The online version of this article (doi:10.​1007/​s40121-014-0046-6) contains supplementary material, which is available to authorized users.

Abstract

Introduction

Lower respiratory tract infection (LRTI) is the leading cause of infant mortality globally in post-neonatal infants (i.e., 28–364 days of age). Respiratory syncytial virus (RSV) is the most commonly identified pathogen for infant LRTI and is the second most important cause of death in post-neonatal infants. Despite 50 years of RSV vaccine research, there is still no approved vaccine.
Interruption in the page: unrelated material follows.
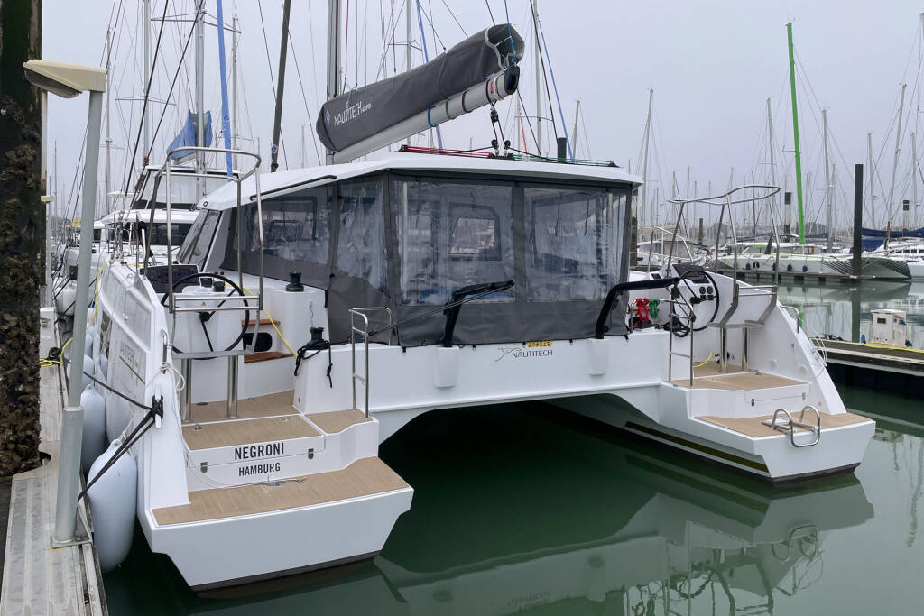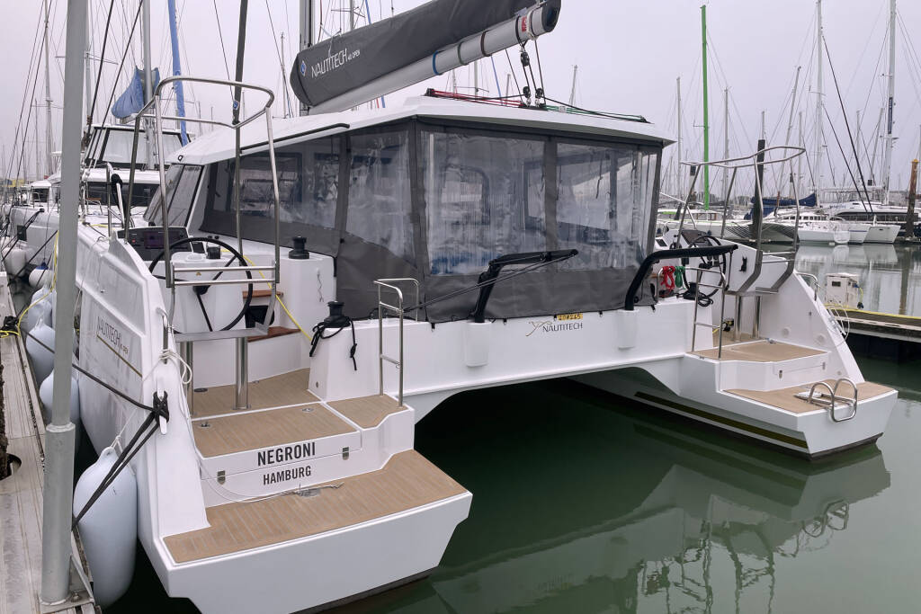 Katamaran Nautitech 40 Negroni, izgrađena 2024, matična luka je Marina Frapa, Rogoznica, Šibenska regija, Hrvatska. Ima 3 kabina, može primiti 6 + 2 gostiju i ima 2 WC-a.

Therefore, passive immunity with the monoclonal antibody palivizumab is the sole regulatory-approved option for the prevention of serious LRTI caused by RSV in pediatric patients at high risk of RSV disease.

Methods

We conducted a comprehensive systematic literature review of randomized controlled trials (RCTs), open-label non-comparative clinical trials, and prospective observational studies/registries, and summarized the evidence related to the safety, efficacy, and effectiveness of palivizumab.

Results

The efficacy of palivizumab, as measured by the relative reduction in RSV-related hospitalization rate compared with placebo ranged from 39% to 78% (P < 0.05) in the 2 pivotal RCTs. A meta-analysis of the RSV-related hospitalization rate from 5 randomized placebo-controlled trials yielded an overall odds ratio of 0.41 (95% CI, 0.31–0.55) in favor of palivizumab prophylaxis over placebo (P < 0.00001). Low rates of RSV-related hospitalizations were observed in palivizumab recipients consistently over time in more than 42,000 pediatric subjects across 7 RCTs, 4 open-label non-comparative trials, and 8 observational studies/registries conducted in 34 countries. In addition, among palivizumab-prophylaxed subjects with breakthrough RSV LRTI, rates of intensive care unit admission and mechanical ventilation from RSV hospitalization also were low and consistent across studies. With respect to safety, no differences were observed between palivizumab and placebo in the blinded RCTs.

Conclusion

Rates of RSV hospitalizations and RSV hospitalization-related endpoints in pediatric subjects who received prophylaxis with palivizumab were low and constant over time and across RCTs, open-label non-comparative trials, and observational studies/registries.